O texto inclui a misoginia na Lei nº 7.716/1989, conhecida como Lei do Racismo, e prevê que a injúria misógina seja punida com reclusão de dois a cinco anos, além de multa. A proposta busca reconhecer que agressões motivadas por ódio às mulheres não são meras ofensas individuais, mas atos de discriminação estruturada contra um grupo social inteiro.

A relatora, senadora Soraya Thronicke, destacou o aumento de feminicídios no país. Segundo levantamento do Laboratório de Estudos de Feminicídios da Universidade Estadual de Londrina, apenas em 2025 houve 6.904 tentativas ou casos consumados de feminicídio. “É por isso que o PL 896/2023 tipifica a misoginia como crime, equiparando-a aos delitos motivados por preconceito já previstos na legislação”, afirmou a parlamentar.

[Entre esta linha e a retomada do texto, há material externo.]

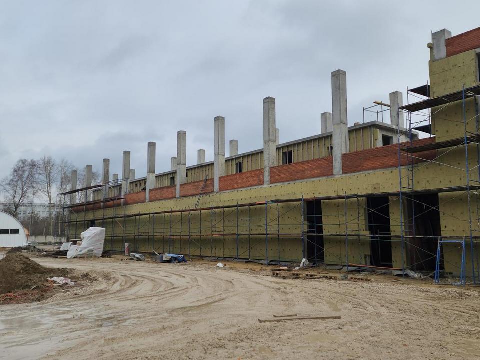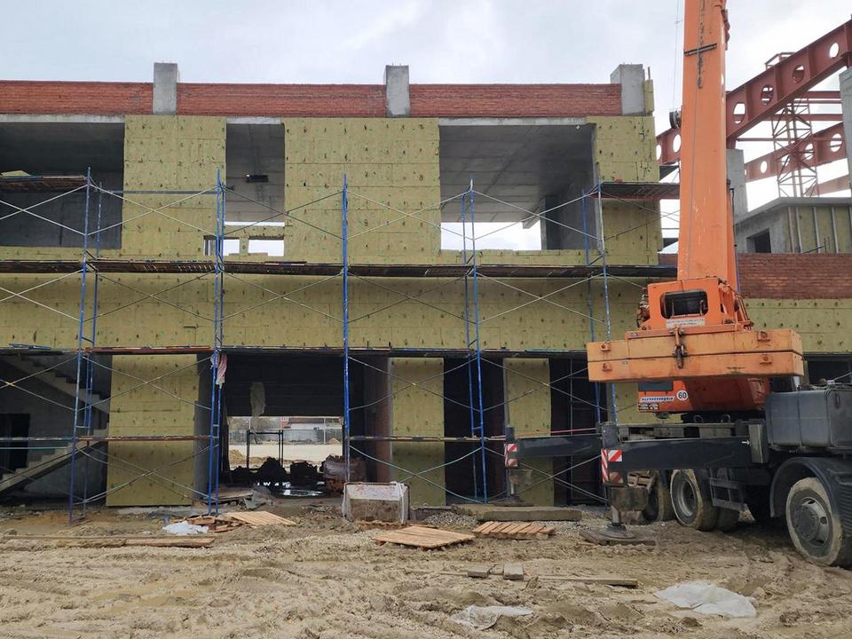 «Внутри здания ведется кирпичная кладка перегородок. На первом этаже эти работы завершились, и бригады уже приступили к устройству перегородок на втором этаже. Также идут наружные — утепляем фасад», — сказал начальник участка Дмитрий Казиев.

O projeto define misoginia como a manifestação de ódio ou aversão às mulheres e estabelece que só será punível quando houver exteriorização da conduta, não apenas pensamento. A proposta também amplia o alcance da lei para condutas de indução ou incitação à discriminação, e ajusta o Código Penal para evitar sobreposição de crimes. A injúria misógina terá tratamento mais severo, enquanto a injúria contra mulher em contexto de violência doméstica seguirá regras específicas, com possibilidade de aumento de pena.

Durante a votação, senadores destacaram a importância de ampliar mecanismos legais de proteção às mulheres. A senadora Damares Alves afirmou que o país precisa enfrentar a misoginia, mas alertou sobre a necessidade de equilibrar a medida com liberdade de expressão e segurança jurídica.

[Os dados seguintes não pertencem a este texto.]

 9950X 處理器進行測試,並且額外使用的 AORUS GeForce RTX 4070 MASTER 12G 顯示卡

Com a aprovação no Senado, o próximo passo é a análise dos deputados federais. Caso seja aprovada e sancionada, a nova regra passará a vigorar em todo o país, tornando a misoginia crime inafiançável e imprescritível, equiparando-a formalmente ao racismo.

Como cada senador votou:

✅ Votaram Sim: Alessandro Vieira, Confúcio Moura, Eduardo Braga, Fernando Dueire, Fernando Farias, Ivete da Silveira, Jader Barbalho, Marcelo Castro, Renan Calheiros, Veneziano Vital do Rêgo, Eduardo Girão, Leila Barros, Weverton, Bruno Bonetti, Carlos Portinho, Dra. Eudócia, Eduardo Gomes, Flávio Bolsonaro, Izalci Lucas, Jaime Bagattoli, Marcio Bittar, Marcos Rogério, Wellington Fagundes, Wilder Morais, Carlos Viana, Giordano, Marcos do Val, Soraya Thronicke, Ciro Nogueira, Daniella Ribeiro, Esperidião Amin, Laércio Oliveira, Luis Carlos Heinze, Margareth Buzetti, Tereza Cristina, Ana Paula Lobato, Chico Rodrigues, Flávio Arns, Jorge Kajuru, Irajá, Jussara Lima, Lucas Barreto, Nelsinho Trad, Omar Aziz, Rodrigo Pacheco, Vanderlan Cardoso, Zenaide Maia, Oriovisto Guimarães, Plínio Valério, Styvenson Valentim, Augusta Brito, Beto Faro, Fabiano Contarato, Humberto Costa, Jaques Wagner, Paulo Paim, Randolfe Rodrigues, Rogério Carvalho, Teresa Leitão, Alan Rick, Cleitinho, Damares Alves, Hamilton Mourão, Roberta Acioly, Efraim Filho, Jayme Campos, Sergio Moro.

❌ Votaram Não: nenhum.

Ausentes ou justificadas: Astronauta Marcos Pontes, Magno Malta, Rogerio Marinho, Dr. Hiran, Cid Gomes, Eliziane Gama, Mara Gabrilli, Sérgio Petecão, Angelo Coronel, Professora Dorinha Seabra, Jorge Seif (presente em missão), Zequinha Marinho (atividade política/cultural), Otto Alencar (atividade política/cultural).